## DATA TO USE
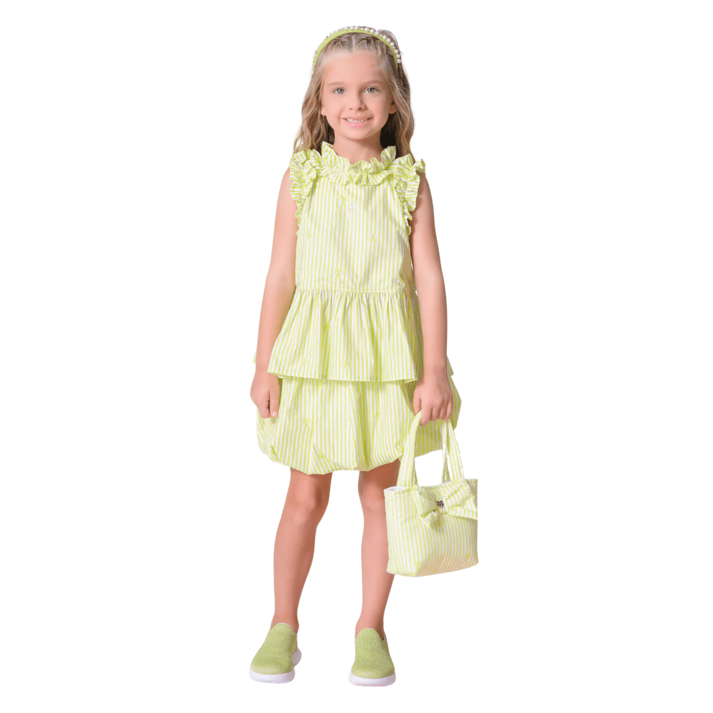 A Saia Short Balonê Listras Verde Pituchinhus é perfeita para compor looks delicados e modernos.
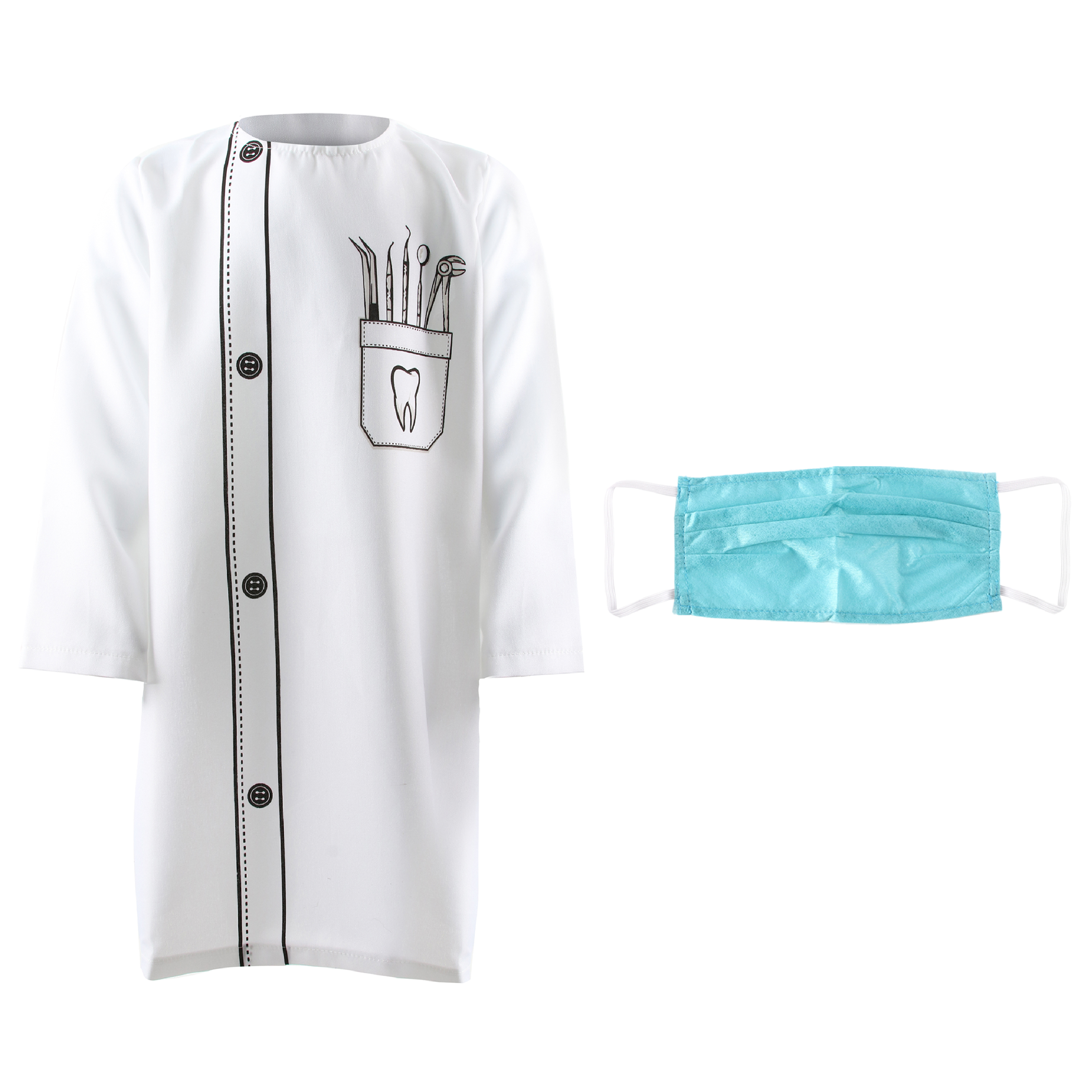 COSTUME INCLUDES: Our Scary Dentist Costume includes a Childs White Lab Coat with buttons & pockets, and a Blue Facemask to all create the perfect Scary Dentist Costume set!
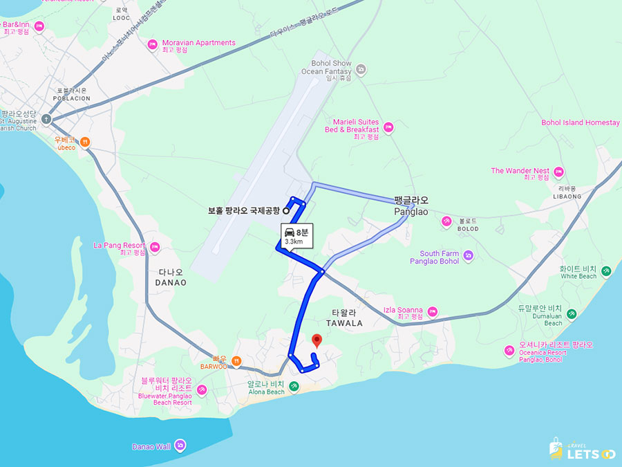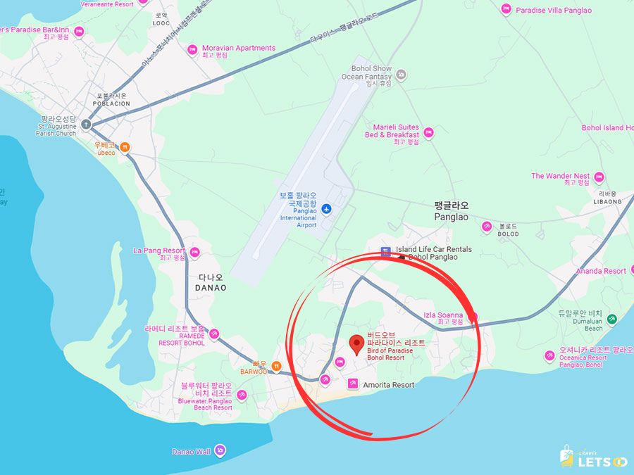 리조트는 알로나 비치에서 도보로 갈 수 있는 거리(약 10~15분 걷기 혹은 짧은 트라이시클 이동)라 해변 액세스가 좋아요. 공항(Bohol–Panglao International Airport)에서 차로도 가깝고, 주변에 레스토랑과 카페가 모여 있어 저녁에 나가기도 편했어요.
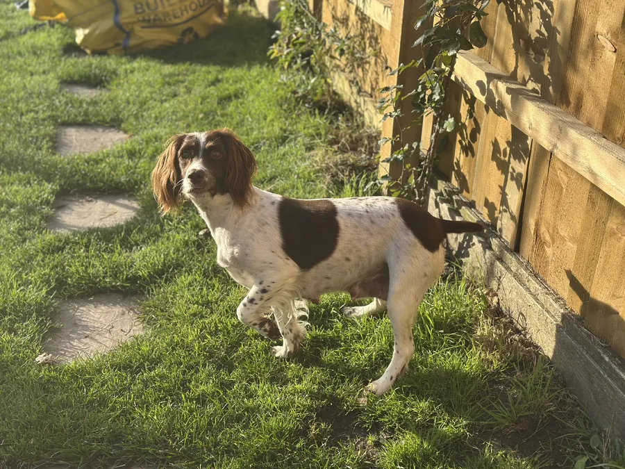She is liver and white in colour, very intelligent, well behaved and laid back. She has grown up with kids and cats and other dogs and socializes well with others and has an amazing temperament.
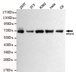 Western blot detection of RPA70 in Hela,293T,C6,3T3 and K562 cell lysates using RPA70 mouse mAb (1:1000 diluted).Predicted band size:70KDa.Observed band size:70KDa.
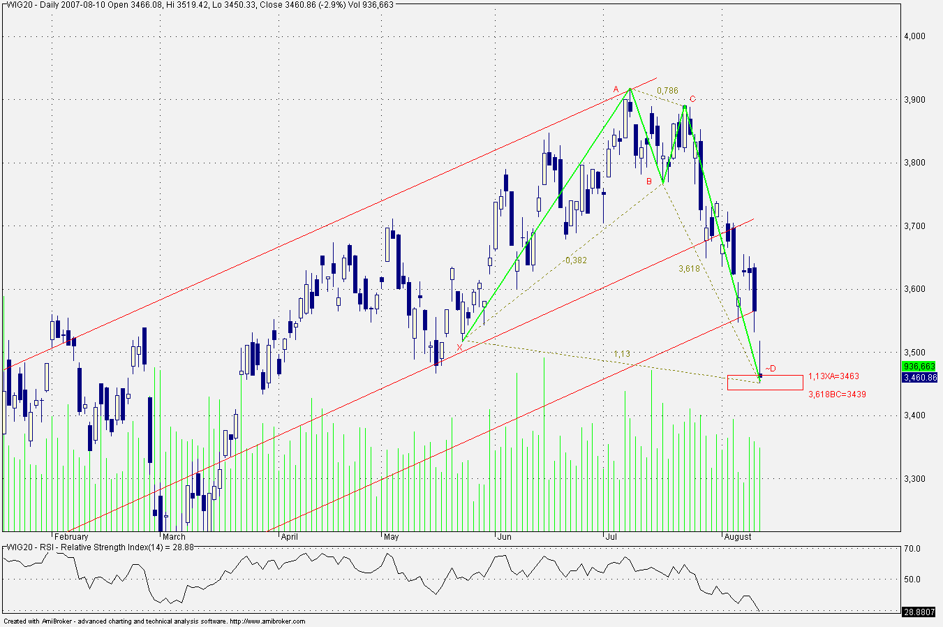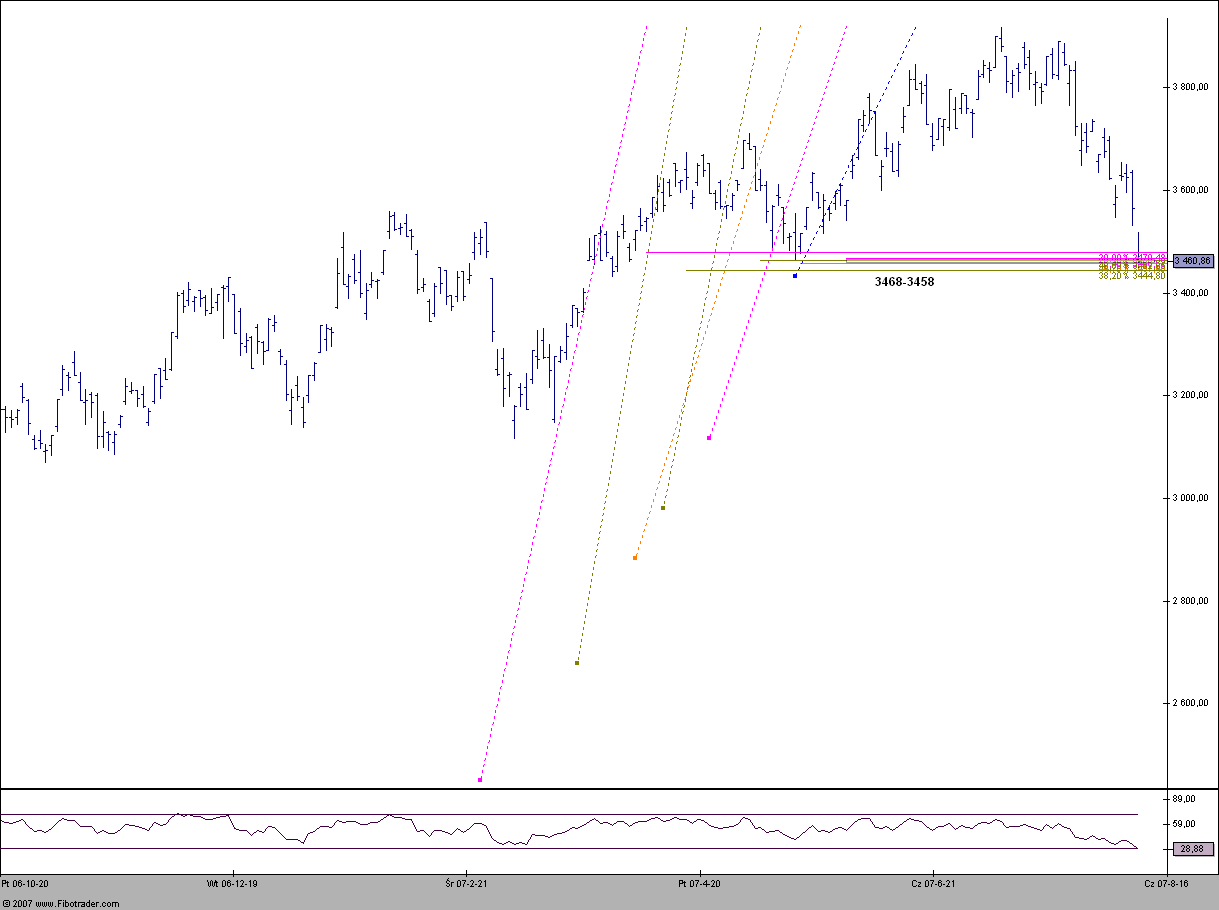 Na dziennym wykresie WIG 20 widaŠ bycz? strukturŕ harmoniczn? Bat(zielone linie), ktˇrej koniec wypada pomiŕdzy 3463-3439, akurat na wa?nym wsparciu, wynikaj?cym z na?o?enia na siebie kilku zniesie˝ Fibo.
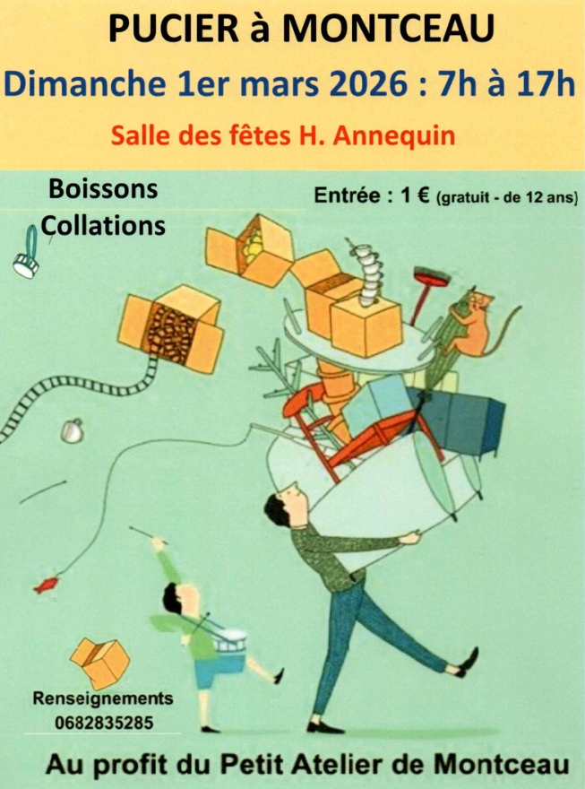 Le petit atelier de Montceau organise son pucier annuel, accompagné d'une exposition de peinture. Buvette et petite restauration sur place.

## WORK TO COMPLETE
Repeat the records above exactly, from the first line through the line containing "Western blot detection", and leave out the pictures.

## EXPECTED ANSWER
 A Saia Short Balonê Listras Verde Pituchinhus é perfeita para compor looks delicados e modernos.
 COSTUME INCLUDES: Our Scary Dentist Costume includes a Childs White Lab Coat with buttons & pockets, and a Blue Facemask to all create the perfect Scary Dentist Costume set!
 리조트는 알로나 비치에서 도보로 갈 수 있는 거리(약 10~15분 걷기 혹은 짧은 트라이시클 이동)라 해변 액세스가 좋아요. 공항(Bohol–Panglao International Airport)에서 차로도 가깝고, 주변에 레스토랑과 카페가 모여 있어 저녁에 나가기도 편했어요.
She is liver and white in colour, very intelligent, well behaved and laid back. She has grown up with kids and cats and other dogs and socializes well with others and has an amazing temperament.
 Western blot detection of RPA70 in Hela,293T,C6,3T3 and K562 cell lysates using RPA70 mouse mAb (1:1000 diluted).Predicted band size:70KDa.Observed band size:70KDa.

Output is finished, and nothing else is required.